In this series, ACE experts answer your health and exercise questions. From nutrition to youth fitness, you’ll find detailed answers to many of the questions that may come up in your work with clients. If you have questions you’d like to ask our experts, please email us at Christine.Ekeroth@acefitness.org.

The Expert: Lance C. Dalleck, PhD, is a professor of Exercise and Sport Science at Western Colorado University. His research interests include improving exercise performance and health outcomes through evidence-based practice, quantifying the energy expenditure of outdoor and non-traditional types of physical activity, and studying historical perspectives in health, fitness and exercise physiology. Dr. Dalleck is a member of the ACE Scientific Advisory Panel. 

Q: What is blood flow restriction training?

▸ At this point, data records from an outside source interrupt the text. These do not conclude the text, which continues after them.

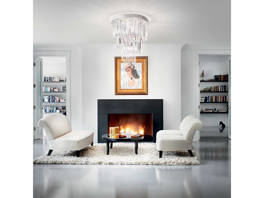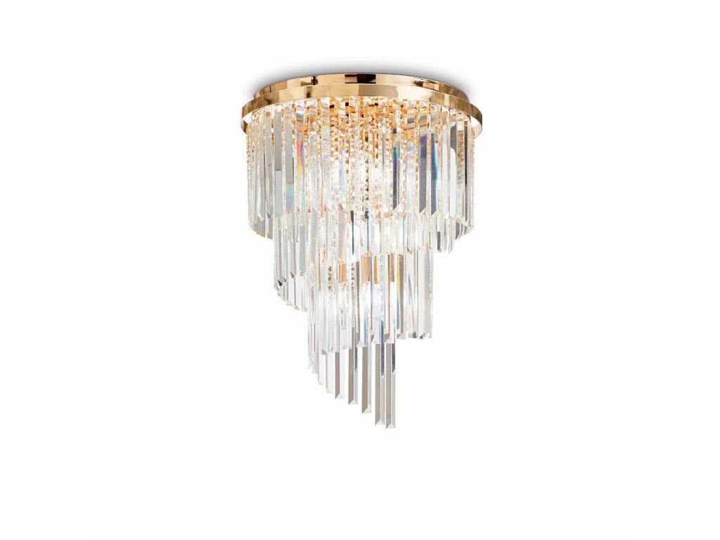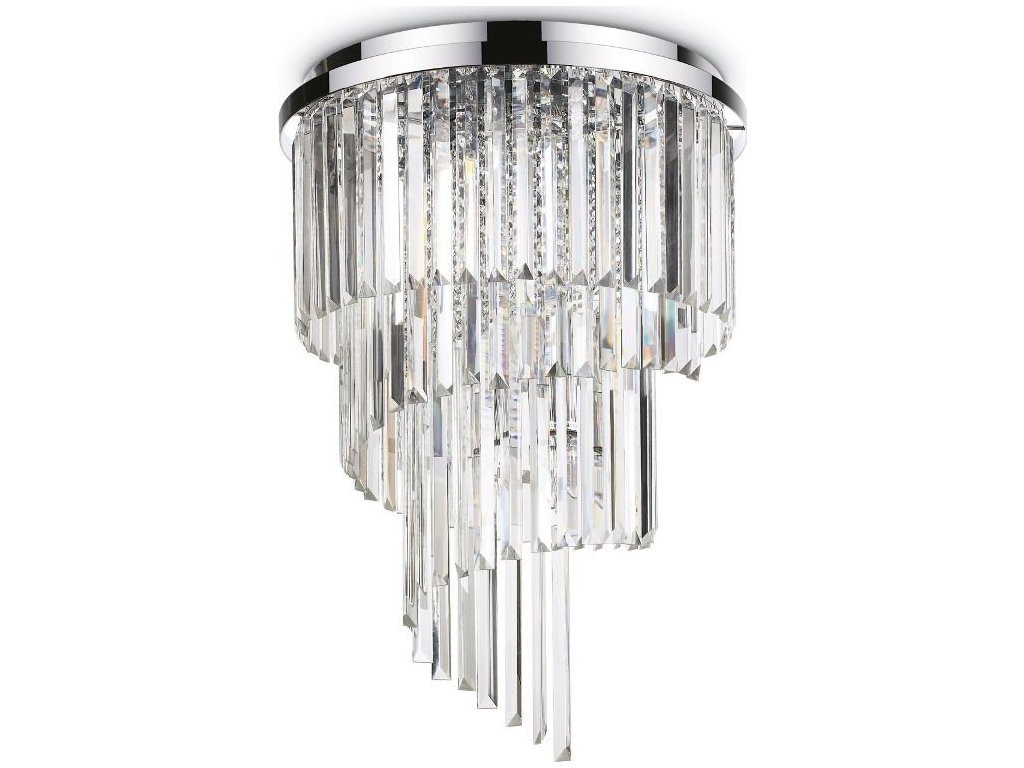 Monumentálne prisadené stropné svietidlo CARLTON PL12 s priemerom 50 cm sa skladá z dekoratívnych osemuholníkových retiazok doplnených oveskami z brúseného krištáľu. Základňa lustra je vyrobená z kovu s chrómovou alebo mosadznou povrchovou úpravou. Svietidlo je možné kombinovať s moderným aj klasickým interiérom. Perfektne vynikne vo veľkých miestnostiach s vysokým stropom, v obývacích izbách, v hotelových interiéroch. Luster je osadený päticami E14 s maximálnym príkonom 12 x 40 W. Žiarovky nie sú súčasťou balenia. Odporúčame zvoliť LED zdroje najmä pre ich dlhú životnosť a predovšetkým významnú úsporu elektrickej energie. IP20 je vhodné na použitie do interiéru.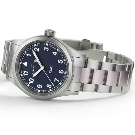 Inspirée par la réputation de Hamilton en matière de précision, d’innovation et de design fonctionnel, la Khaki Field Quartz associe un cadran bleu marine classique de 38 mm à un bracelet en métal moderne.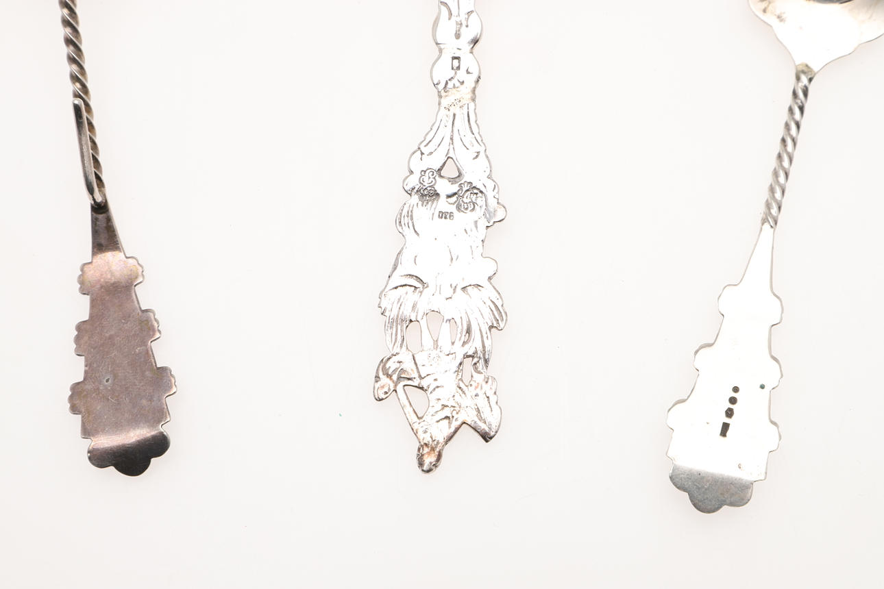 including a sifter spoon and a matching spoon & scoop with shaped & engraved terminals, mixed makers & dates; the sifter 6.25" (16cm) long; 3.1ozt (3).

A: The practice of exercising with blood flow restriction (a.k.a., BFR) has been around for 40 years. BFR training was popularized in Japan by Yoshiaki Sato and is commonly known as KAATSU training. This type of training involves applying an external occlusion device to the proximal portion of the exercising limbs (e.g., on the upper thing during a cycling workout or the upper during an arm-focused resistance-training session) (Figure 1). The resulting reduction in oxygen delivery and metabolic clearance with the application of BFR essentially mimics the physiological environment at the muscular level during exercise performed at moderate-to-vigorous intensities. Exercising at vigorous intensity requires a significant amount of physical effort and thus increased demands from the cardiovascular system. The advantage of BFR training is that it allows for similar adaptations to occur at lower intensities of cardiorespiratory and muscular training, making it a preferred method of exercise for those with physical limitations or time constraints.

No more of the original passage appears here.